Bedenlerimizin içsel kimyasallarına, endojen maddeler diyoruz. Bu kimyasallar, sahip oldukları aktivite rolüne göre, bizim hareket, davranış, ruh halimiz gibi tutumlarımızı dış dünya aktivitelerine yansıtıyorlar veya yansıtmaya aracılık ediyorlar. Bu iş, bizler uyanıkken, yani gündüz farklı bir emir-komuta zinciri içinde. Gece ise mekanizmanın devamlılığı, başka bir emir-komuta zincirini barındırıyor. Bir defa, büyük bütünlüğünü, uyku denilen başka bir fizyolojik sürecin içinde geçiriyoruz. Beden o sırada, yenilenme, tamir olma ve enerji-güç biriktirme gibi farklı bir tamamlanmayı yaşıyor. Bu iş sürgit döngüsel olarak devam ediyor. Yani sabah kalk, akşam yat. Bakıyorsunuz hayatın akışı bu akreple, yelkovan arasına sıkışmışlıkta devam ediyor.

Ritim meselesi sadece bize özgü değil. Tek hücreli prokaryot canlılardan, bizim gibi çok hücreli ökaryot hücrelilere, her canlı, kendine özgü bir biyolojik ritim içinde kendi ömrünü tamamlıyor.

Şu yenilerde tanıştığımız Kovid-19 adlı taçlı kraliçe virüs hazretleri de benzeri bir ritme sahip. 

***

KOVİD-19: Ritim, sekans ve senkronizasyon:

Hadi şu virütik ritim işini bir anlayalım.

Bir defa bütün virüsler, kendi başına canlı değiller. Ama ölü de değiller. Tamam, o zaman nasıl varlıklar? Bir şekilde aktifleşmeyi bekleyen bir DNA veya RNA sahipler. 

Bu DNA ve RNA, hücrelerimizin çekirdeklerinde bulunan nükleik asitler. 
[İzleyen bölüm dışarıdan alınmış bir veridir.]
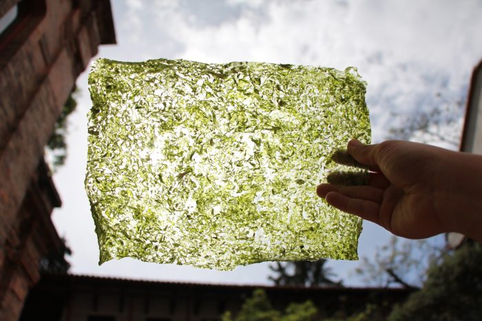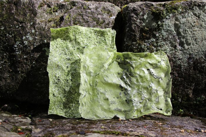 A través de Alienus se busca crear materiales completamente sostenibles y biodegradables, a base de cactus, con el fin de lograr el reemplazo de otros elementos que contaminan el ambiente y contribuyen con el deterioro del planeta. Durante la experimentación para la creación del material se realizaron moodboards vegetales, que ayudaron a generar una visión sobre los logros a los que queríamos llegar. Se empezó a cosechar el tejido vascular del cactus, limpiándolo y licuándolo para extraer un material viscoso, acuoso y pegajoso. Se experimentó con diferentes aglutinantes para llegar a dos presentaciones finales: Fibrae, un material plegable, orgánico y poroso, el cual está hecho con la fibra del tejido vascular, y Sucus, un material orgánico, liso y flexible, hecho con el jugo del cactus. El conjunto de materiales compone a Alienus, la búsqueda de nuevos universos materiales para un futuro sostenible.
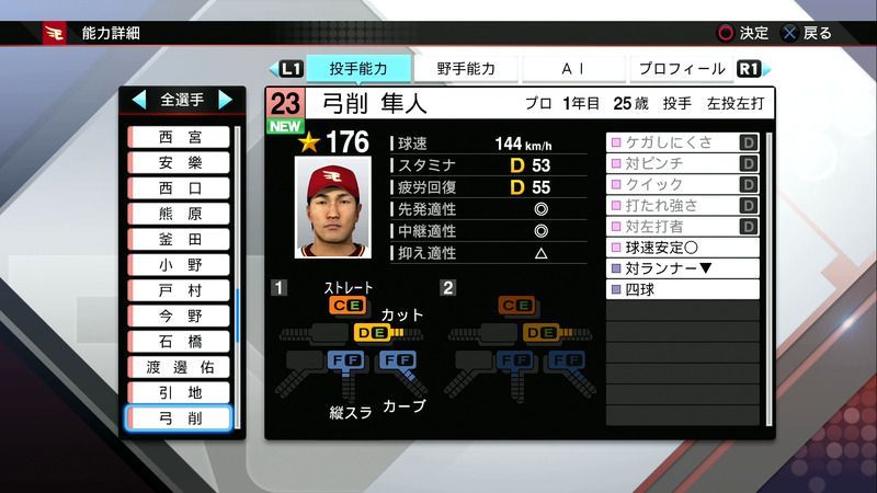 【プロスピ2019 PS4・Vita】弓削 隼人の選手能力
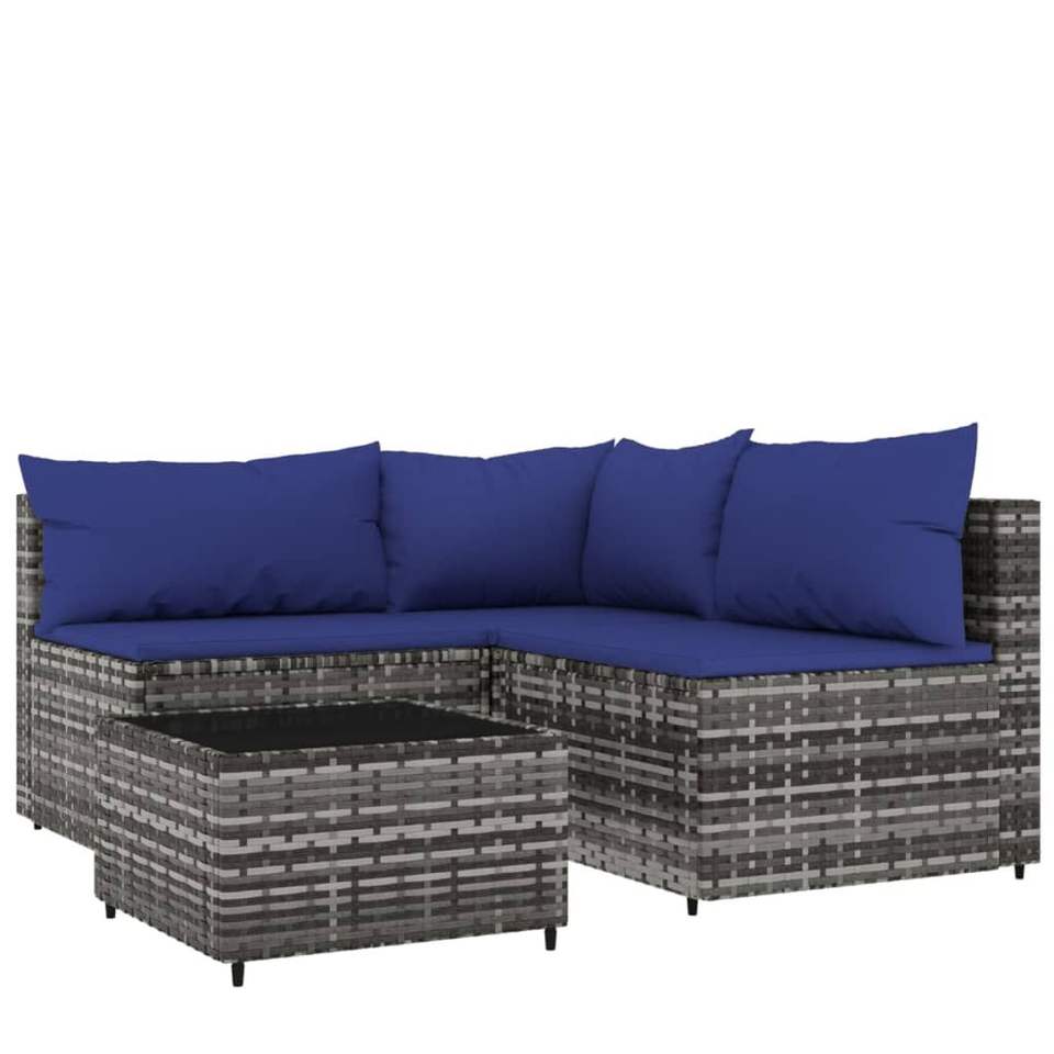 Juego de salón de patio de ratán polivinílico gris de 4 piezas con cojines Juegos de jardín
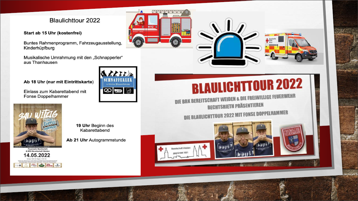 Die BRK-Bereitschaft Weiden und die Freiwillige Feuerwehr Bechtsrieth präsentieren die Blaulichttour 2022 mit Fonse Doppelhammer und laden dazu am 14. Mai 2022 herzlichst ein.
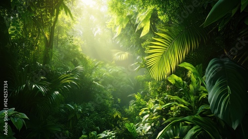 Lush Tropical Rainforest Canopy with Sunlight Filtering Through Dense Foliage
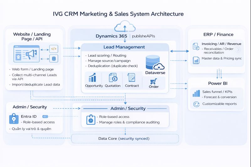 IVG Vietnam JSC – Chuẩn hoá quy trình Marketing & Sales trên nền Dynamics 365, tích hợp website/ERP và xây dashboard KPI theo nhu cầu.
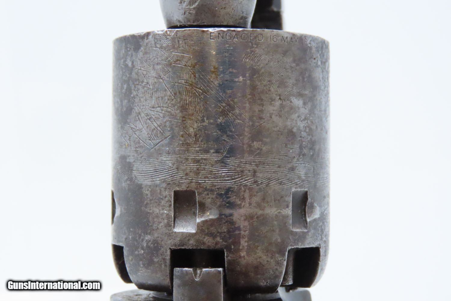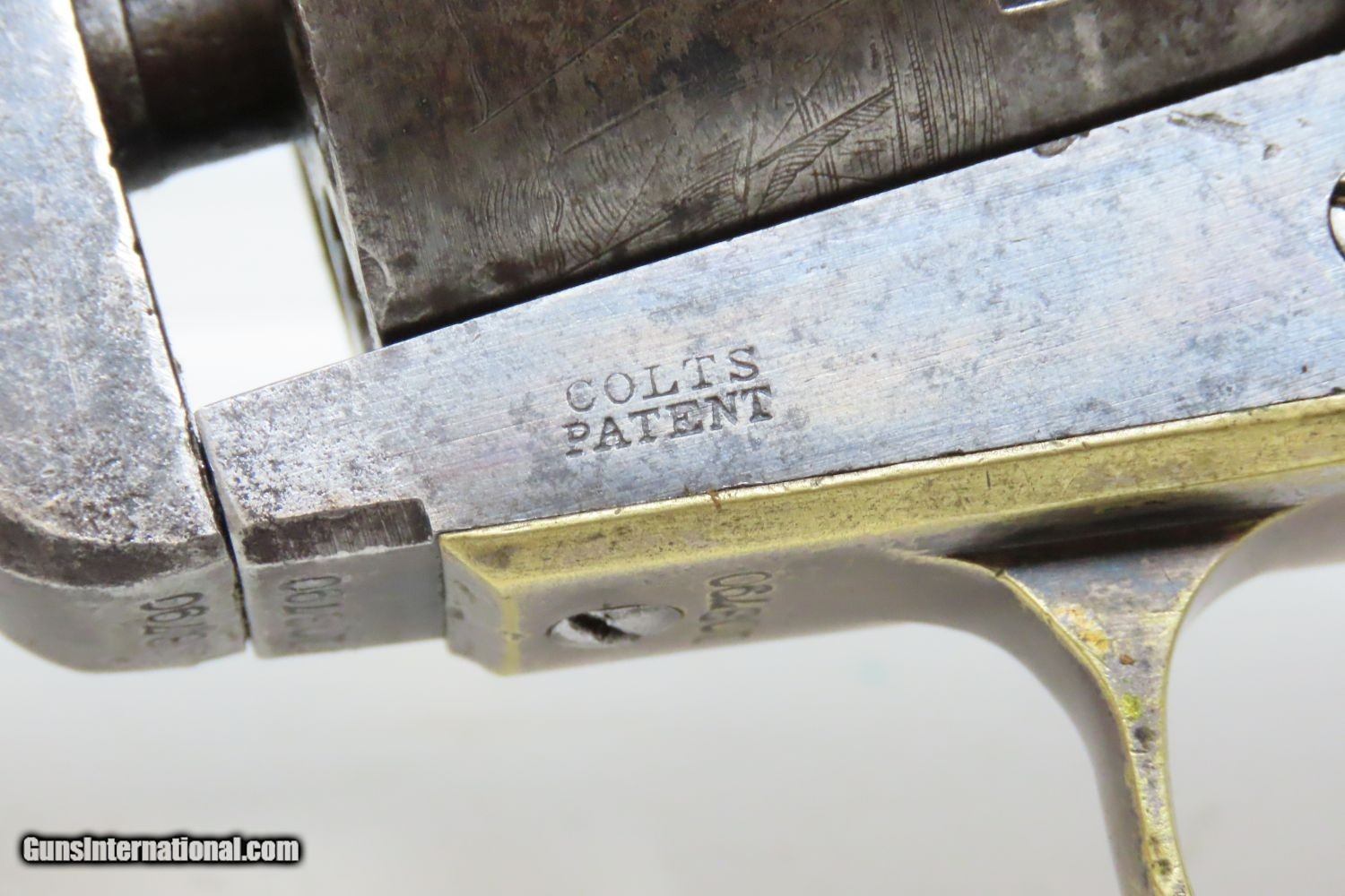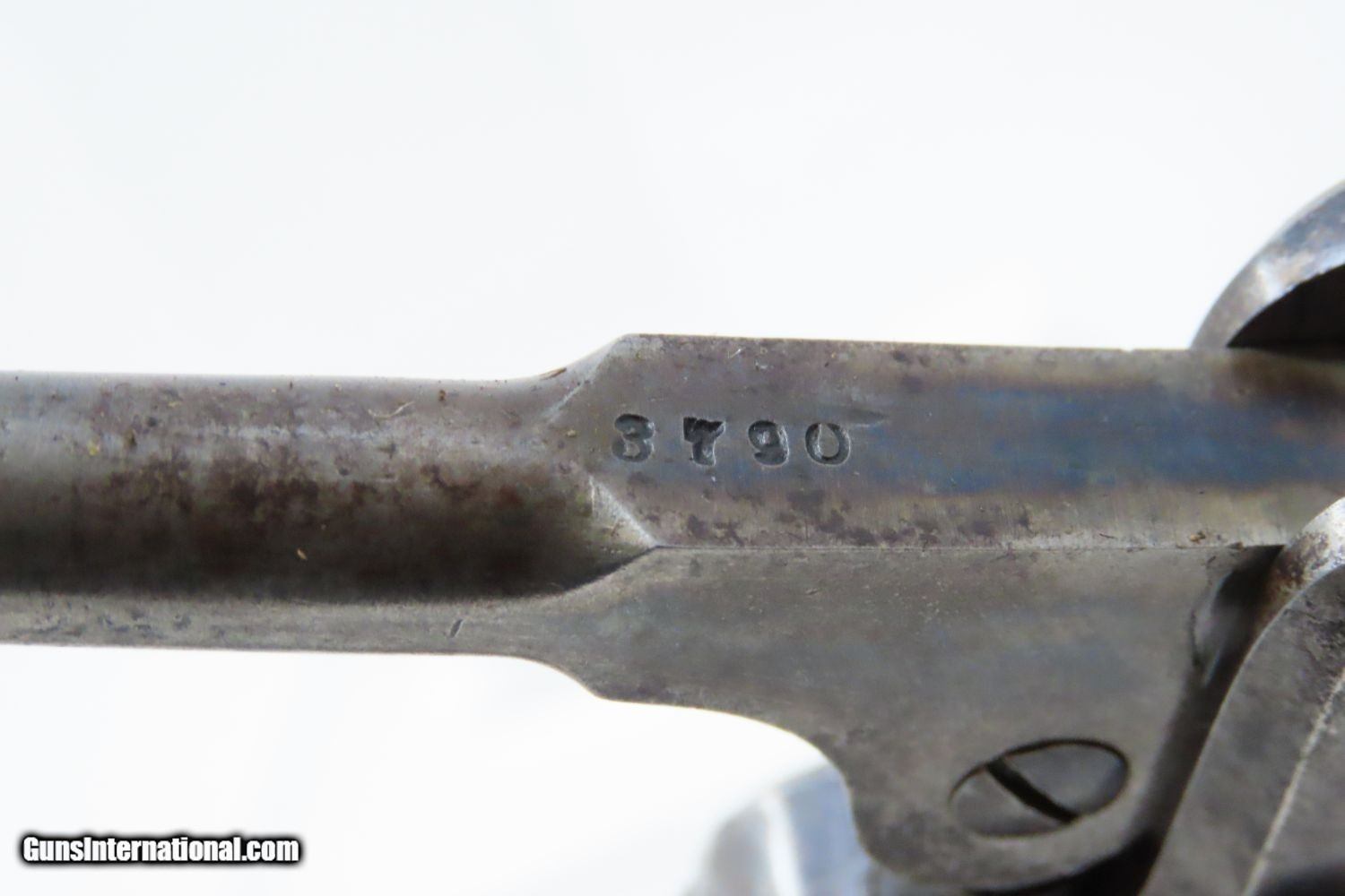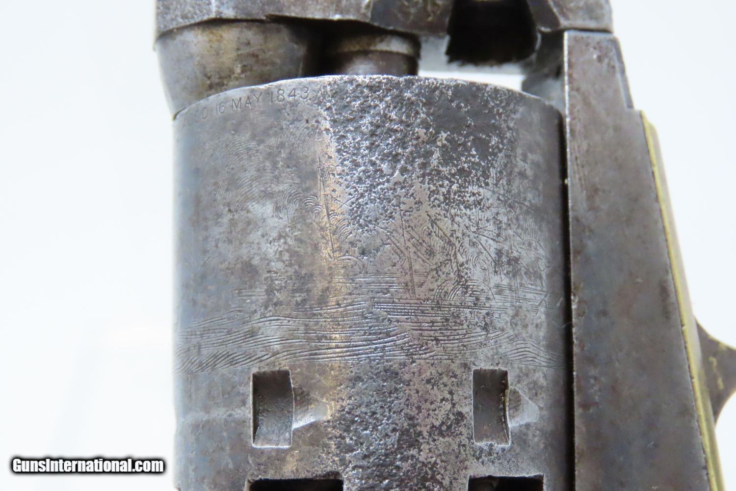 Description: CIVIL WAR Era Antique COLT Model 1851 NAVY .36 Caliber PERCUSSION Revolver Manufactured in 1861 with BELT & TOOLED HOLSTER! Here we present an antique Colt Model 1851 Navy Percussion Revolver, made in 1861 in Hartford, Connecticut. The 1851 Navy was one of Colt’s most famous and successful lines, reaching a production total of 257,348 from 1850 to 1873 (right up to the time of SAA production) from both Hartford and London factories. From Hartford alone, 185,000 were made by the end of the American Civil War. Many of these saw service during the conflict on both sides. There were some military purchases and lots of private purchases by soldiers going off to war. In addition, the Model 1851 was carried by Confederate General Robert E. Lee and was a favorite of “Doc” Holliday and “Wild Bill” Hickok, who carried two of these most famously in his red sash. Truly, the Colt 1851 Navy revolver ushered in the era of the gunfighter. Among the many guns that were used on the western frontier, none was more popular in its day than the Colt percussion revolver designated the 1851 Navy. This single action revolver weighed in at roughly 42 ounces. Prior to the Navy's introduction, hand gunners had to make do with the Colt Walker and Dragoon revolvers, both of which weighed over four pounds. These big guns were best suited for carry in pommel holsters on the saddle. The Colt Navy was the first popular single-action revolver that could be worn comfortably on the belt. Prior to the beginning of the Civil War, the state of Missouri was a hotbed of trouble that often broke out in shooting fights. Bill Anderson, Jesse and Frank James, and the Youngers all cut their teeth on this border trouble and were ready to go when leaders like William Quantrill enlisted them in his guerilla band during the war. The boys from Missouri became quite proficient with their six-guns and generally carried a brace of Dragoons on their saddle pommels and a brace of Navy revolvers on their hip. The overall condition is very good. The action is excellent with a tight lockup. Great bore with sharp rifling. The grip is in great shape with expected handling wear. Numbers match. The Battle of Campeche cylinder scene remains quite clear! A very nice Colt 1851 Navy with a very handsome tooled leather holster and belt! Own the original! This is a legitimate antique and not a reproduction. Barrel is 7-1/2 inches. Caliber: .36 Overall condition as seen in photos. Very Fast. Very Safe. FREE SHIPPING WORLDWIDE. Delivered directly to your door by express mail! Guaranteed AUTHENTIC & Includes CERTIFICATE OF AUTHENTICITY. ancestryguns $3915 #210332 SOLD Antique: Yes |

Hayatımızın sırrı, biz kimiz ya da kimliğimize ilişkin bütün özelliklerimiz, bu nükleik asitlerin yardımıyla oluşturulan kromozomlarımızda yazılı vaziyette.

Kromozomlar ise, canlı vücudundaki neredeyse tüm hücrelerin çekirdeklerinin içinde yer alan, sıkıca sarılmış DNA paketleri.

Her şey yavaş yavaş tamamlanıyor. Nasıl mı?

Virüsler, hücresel organizasyon göstermiyorlar. Kendi kendine enerji üretemiyorlar. Makro molekül, yani kendi başına protein sentezleyemiyorlar. Bölünerek değil replikasyonla (kopyalanma) çoğalıyorlar. Tek tip nükleik asit (DNA ya da RNA) içeriyorlar ve canlı hücre dışında da inert (etkinlik göstermeyen, uyuşuk) olarak bulunuyorlar.

Bunlar başlıca özellikleri.

Virüsler, başka bir canlı hücresine yapışıp içine girdiklerinde, o hücre içinde kendini kopyalayarak çoğalıyor. Bu çoğalma işine aracılık eden hücreye enfekte hücre diyoruz. Yani taçlı kraliçe Kovid-19, piyangodan çıkıp bize musallat olursa, solunum yolu organlarımızdaki hücrelerde çoğalmaya başlar. Böylece, bulaş olarak, bizde de viral enfeksiyon da başlamış olur.

Korona hanım (esasında bir cinsiyeti yok ve ben öyle yakıştırdım); enfekte hücre içerisinde veya enfeksiyon sürecinde, virionlar ve bağımsız viral parçacıklar halinde bulunabiliyor. Bu virion veya viryon, bir virüsün tüm yapılarını barındıran tek bir virüs partikülü.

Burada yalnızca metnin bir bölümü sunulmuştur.